Raymond Raymond

Spark Basics - Application, Driver, Executor, Job, Stage and Task Walkthrough

event 2022-08-23 visibility 4,985 comment 0 insights toc
more_vert
insights Stats
Spark Basics - Application, Driver, Executor, Job, Stage and Task Walkthrough
Spark is one of the most popular big data frameworks used by data engineers and analysts. It is very straightforward and easy to get started with developers' preferred programming languages. This article walkthroughs the basics of Spark, including concepts like driver, executor, operations (transformations and actions), Spark application, job, stage and tasks. A good understanding of these basics can help you to write more performant Spark code or debug your application easily with Spark UI.

Spark application

The first concept to understand is Spark Application. An Spark application is a program built with Spark APIs and runs in a Spark compatible cluster/environment. It can be a PySpark script, a Java application, a Scala application, a SparkSession started by spark-shell or spark-sql command, a AWS EMR Step, etc. 

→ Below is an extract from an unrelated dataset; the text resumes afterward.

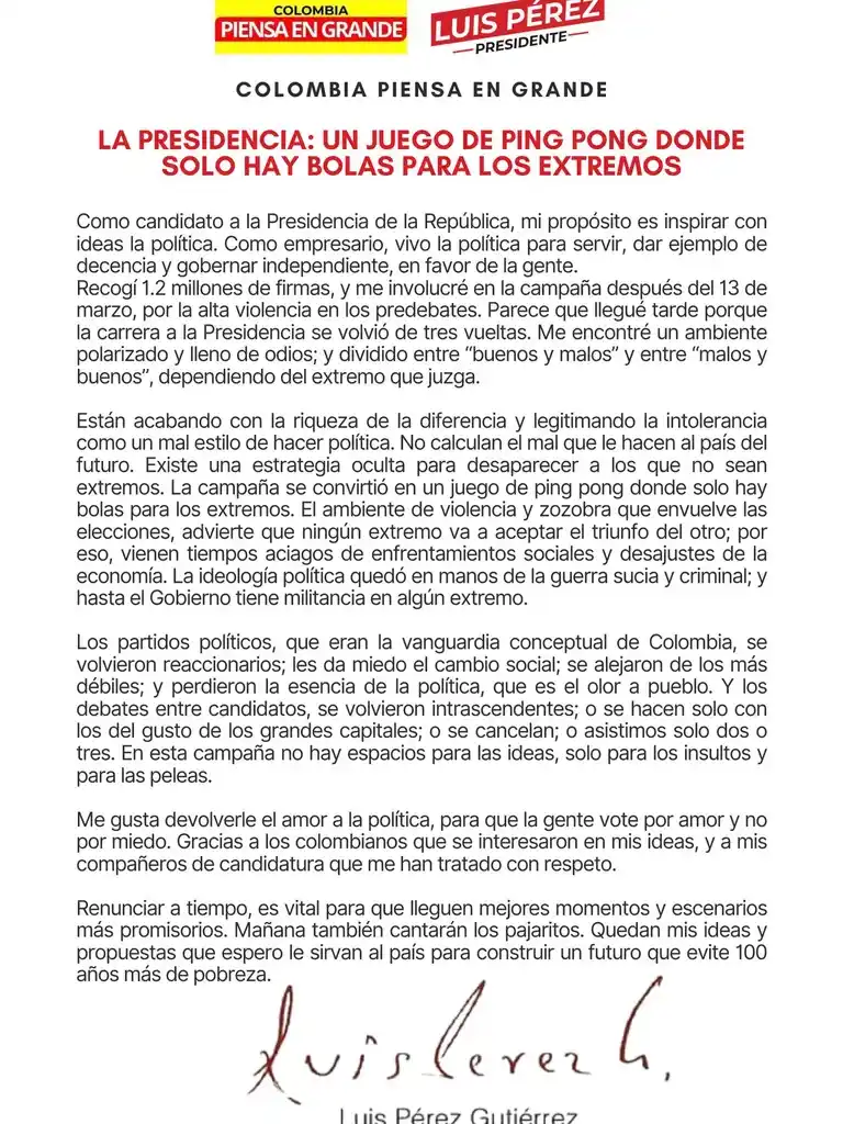 A menos de 20 días de que se celebre la primera vuelta presidencial, el candidato Luis Pérez anunció, muy temprano en la mañana de este miércoles 11 de mayo, que desiste de competir por llegar a la Casa de Nariño.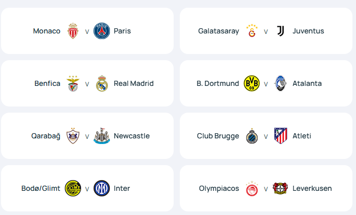 জয়ী আটটি দল শেষ ষোলোয় মুখোমুখি হবে লিগ পর্বের শীর্ষ আট দলের সঙ্গে।

A Spark application consists of a driver container and executors.

Example PySpark script

The following is a sample PySpark script named spark-basics.py

from pyspark.sql import SparkSession

appName = "PySpark App - Spark Basics"
master = "local"

spark = SparkSession.builder \
    .appName(appName) \
    .master(master) \
    .getOrCreate()

spark.sparkContext.setLogLevel("WARN")

# Create two dataframe
df1 = spark.read.format('parquet').load(
    '/data/test-data')
df2 = spark.read.format('parquet').load(
    '/data/crud_table_stg')

# Joins
df = df1.join(df2, on='id', how='inner')
df.show()

# Print out the total record count
print(df.count())

# Save df to HDFS
df.write.format('parquet').mode('overwrite').save(
    '/data/spark-basics')

This script will perform these processes:

  • Create a DataFrame named df1 by reading data from HDFS.
  • Create another DataFrame named df2 from another HDFS path.
  • Create a new DataFrame named df using inner join between df1 and df2 and then print it out.
  • Finally save df into HDFS using Parquet format. 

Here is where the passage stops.